3. Business Case Criteria
In this section, we propose a strategy to answer our main question: Under what conditions can smart surveys have a positive business case. The business case evaluation must be viewed as a first step in which investments are made to learn about the accuracy of smart data and about respondent willingness and ability to perform smart tasks. If positive, an evaluation should follow of investments in front-office and back-office systems, in data processing tools and skills, and in evaluating consequences for time series of statistics.
3.1. Business Case Criteria for Smart Surveys
Smart surveys may intuitively look like an attractive method to modernize surveys. Respondents and data producers may expect that official statistics use modern methods to collect data, and smart surveys are one of the ways to do so.
When we look more formally at the long-term reasons for converting a traditional survey to a smart survey, we identify push- and pull factors. These factors are not the same over time, countries, and topics. In fact, we believe that the factors outlined in this section can help understand for what topics and in what countries smart surveys have potential. In order to bridge to other country settings, we select use cases that are mandatory in the European Statistical System (ESS) and/or conducted in many countries with a comparable output need. Two of the studies are evaluated in larger Eurostat-projects. The criteria can also be used to evaluate potential other use-cases for smart surveys.
3.1.1. Push Away from Traditional Surveys
There are several reasons why researchers are looking for alternatives to traditional surveys. Smart surveys are only one alternative to using a traditional survey, and many initiatives to use administrative and “Big data” as alternative sources of information can be understood from the same three push factors:
surveys are costly and time-consuming
topic of the survey: low centrality
topic of the survey: high burden
In general, surveys suffer from problems with costs. Fieldwork for surveys is becoming more costly, especially because it is becoming harder to convince respondents to participate in surveys (Beullens et al. 2018; Luiten et al. 2020). Reason 1 for a push away from traditional surveys is that surveys are increasingly costly and time-consuming to conduct well.
The issue of low response and high cost is especially so for surveys that are difficult or burdensome for respondents to start and/or complete.
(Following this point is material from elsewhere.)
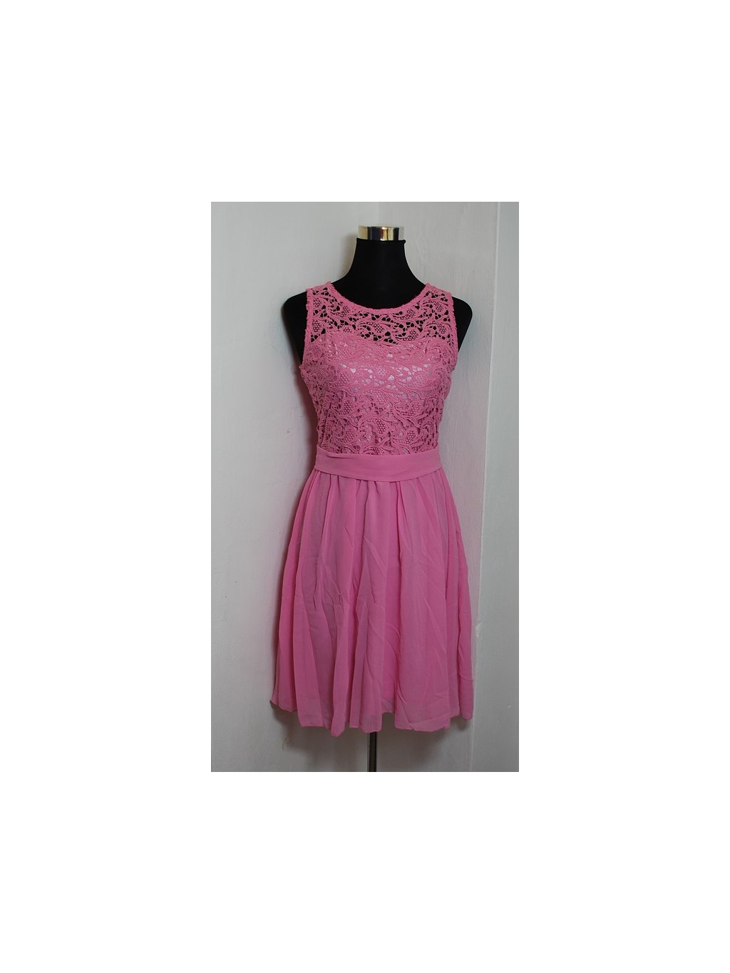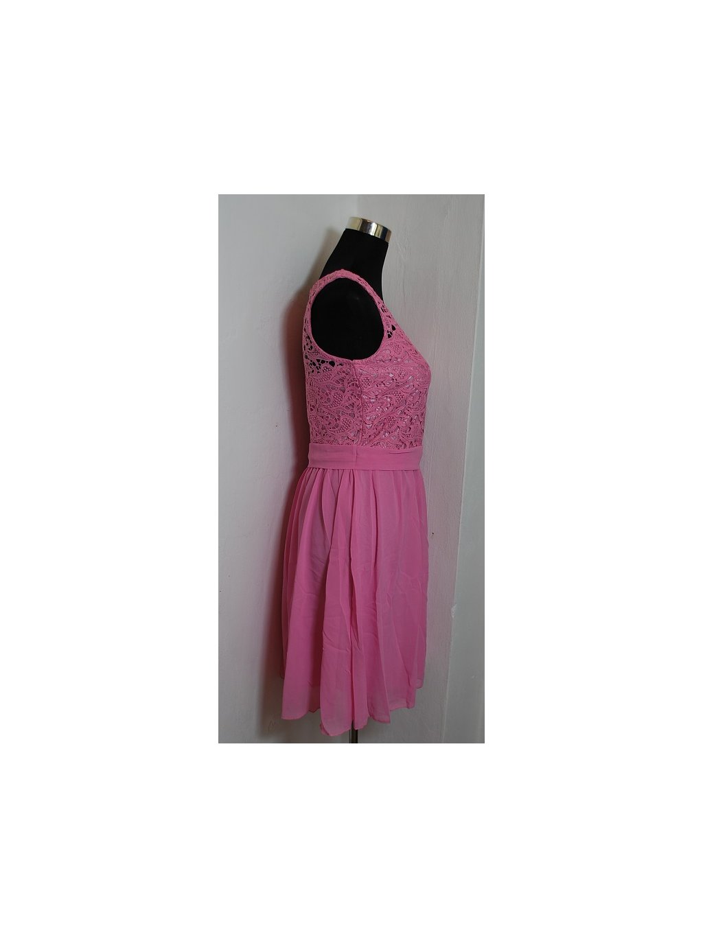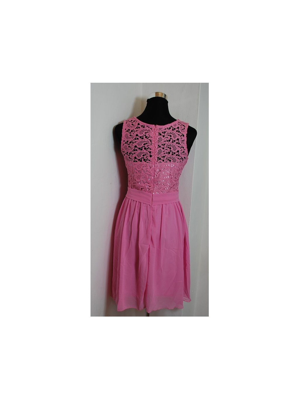 Společenské šaty růžové s krajkou a šifonovou sukní. Šatičky vyfoceny pro reálnou představu, barvy a materiálu. Upozorňujeme, že se jedná o mimoevropské velikosti. Prosíme vždy o přeměření dle uvedených mír v cm.

The topic of interest may require expert knowledge, for example, of air quality, or recall from memory of very specific facts, for example, travel or media use. Such topics are termed non-central or to have low centrality in questionnaire design literature (e.g., Bais et al. 2018). A survey may also be very burdensome due to the amount of questions or the long duration of data collection. Together, low centrality and high burden form reason 2 and 3 to move away from a traditional survey and move toward smart surveys as an alternative.
The three push-factors to move from traditional to smart surveys to some degree apply to all traditional surveys, although the push may be stronger for some surveys; those who are especially costly, time consuming, burdensome, or difficult for respondents. A transition to a smart survey is however only attractive if specific push-factors are at work as well, that make the “smart” element in smart surveys an attractive alternative. We discern three pull factors toward smart surveys as well.
3.1.2. Pull Toward Smart Surveys
Smart surveys can only become successful if there are low barriers in the use of the smart elements in general population surveys.
high coverage of smart data relative to the target population
low costs of collecting and real-time processing the smart data
high accuracy of the smart data
First, the smart feature to be used has to be used by a broad group of the general population. Smartphone sensors are an example of this, while other sensors (e.g., VR glasses, or biometric wearables) are less so. Second, smart data need to be able to be collected at low cost. The smart survey data collection and real-time processing costs per respondent should be comparable to non-smart counterparts. Linking or integrating smart sensors into wearable devices that contain an Internet connection is one way to achieve this. Third, the quality of the data collected needs to be high for the purpose of the study. This pull-factor is statistic specific; movement data collected with location sensors is very suitable for studying travel behavior, but less so for studying time use.
The push- and pull factors can sometimes work in the same direction (e.g., both high push- and pull), see Table 2, but sometimes also in different directions. An example of a situation where both push- and pull factors are strong are topics that are currently studied using traditional diary surveys, such as time use, household spending, or travel behavior. Surveys that ask about various health conditions provide a case where there are strong push factors: health surveys are long, while respondents often don’t know exactly what health conditions they have. At the same time, the pull factor, of using smart data to measure a variety of health conditions within respondents is still low, due to low availability and high costs of smart sensors that can inform about health. A use case that combines a low push factor with a high pull factor is household composition. Smart sensors in digital devices, such as the Bluetooth, camera, and proximity sensors on mobile phones would allow the measurement of household composition in detail, but we can also simply ask for this information in a survey using a short item-battery, and get information that is probably of similar quality at much lower effort and cost. Finally, for some topics, there is neither a push- or pull: doing a short attitudinal survey on a topic of interest to most people (e.g., consumer confidence) still yields relatively high response rates, and the quality of survey data would likely not be increased with smart data.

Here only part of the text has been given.